THE Bank of Namibia (BoN) is running its weekly auction for treasury bills on Thursday this week for 91, 183 and 364 days, seeking to raise N$1,56 billion.
This will be the second of the three auction runs for the month, with the last one slated for 24 November.
The week will also see holders of the GC23 participating in the switch auction scheduled for tomorrow.
The switching of the GC23 will extend to the GC35, GC37, GC40, GC43, GC45, GC48 and the GC50 bonds, and the announced switch yield is set at 8,75%.
Last week the government announced it had reduced the expected amount to be borrowed for the current fiscal year through bonds and treasury bills by N$400 million.

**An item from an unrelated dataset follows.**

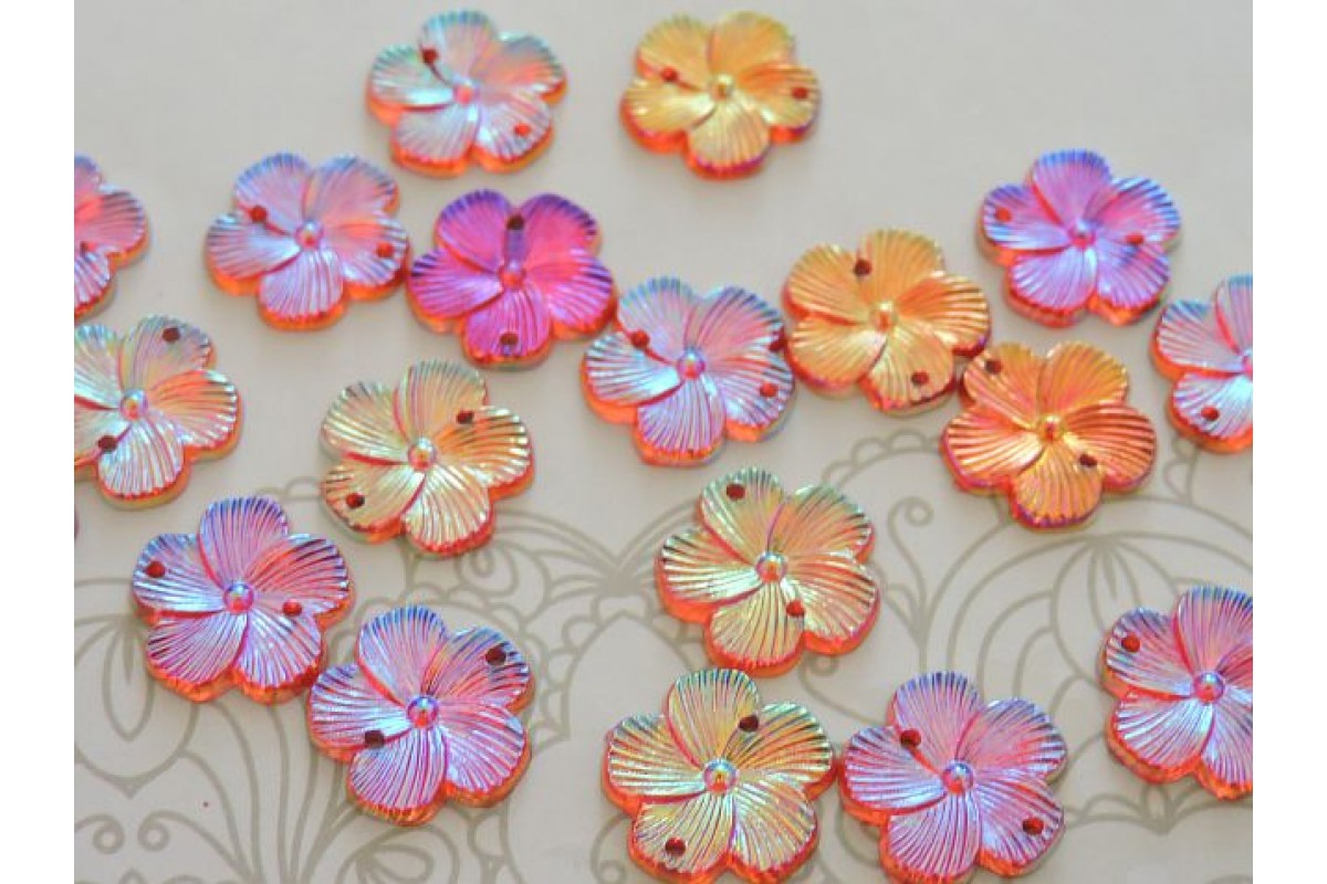Пришивные стразы "Цветок" 15 мм, цв. красный радужный - 1 шт

This will bring the borrowing bill to N$12,2 billion for the fiscal year, and N$3 billion remains yet to be borrowed before the end of the fiscal year in March 2023.
From April this year to October, the state has already borrowed N$9,1 billion – much of which has been sourced from pension funds, commercial banks and insurance companies.
Individual private investors have also thrown some cash to the state in an attempt to earn some positive real returns as inflation rose through the year – settling at 7,1% in September.
Several switches have also been conducted on the GC23 – which will mature on 15 October 2023.
Simonis Storm Securities analyst Theo Klein in a recent report said although bonds appear to be in demand, yields are slowly dipping.
For example, the Bloomberg Africa Bond Index has decreased by 18,2% year to date, while the JP Morgan Emerging Market Total Return Index dropped 22% year to date and reached levels last seen in 2016.
The Bapi is a composite index of South Africa, Egypt, Nigeria, Kenya, Namibia, Botswana, Ghana, Zambia, Morocco and Mauritius local sovereign indices.
On the local front, Klein said the Simonis Storm Namibia Government Bond Total Return Index shot up by 6,3%, and its reflective bond yields have increased by 174 basis points on average in Namibia.
Klein said inflation is expected to fall over during the last quarter of this year and will lessen the upward pressure on interest rates and bond yields in 2023.
In the developed economies, where central banks have bought up more bonds from the market, some are starting to lose out due to high inflation and interest rates – where investors are pushing funds to treasury bills and other short-term interest rate-dependent instruments.
In line with Bank of Namibia increases in benchmark rates, money market accounts have edged up.
Treasury bill (TB) yields have increased by 278 basis points, fixed deposit rates by 246 basis points, and negotiable certificates of deposit (NCDs) rates by 244 basis points.
Klein last week said TBs have been most responsive to monetary policy tightening this year, and with every one percentage point repo rate hike, TBs rose 1,11 percentage points.
NCDs rose with 0,98 percentage points, and fixed deposits rose with 0,97 percentage points.
At last week’s 273-day treasury bill auction, N$943 million bids were received, while only N$600 million was on offer.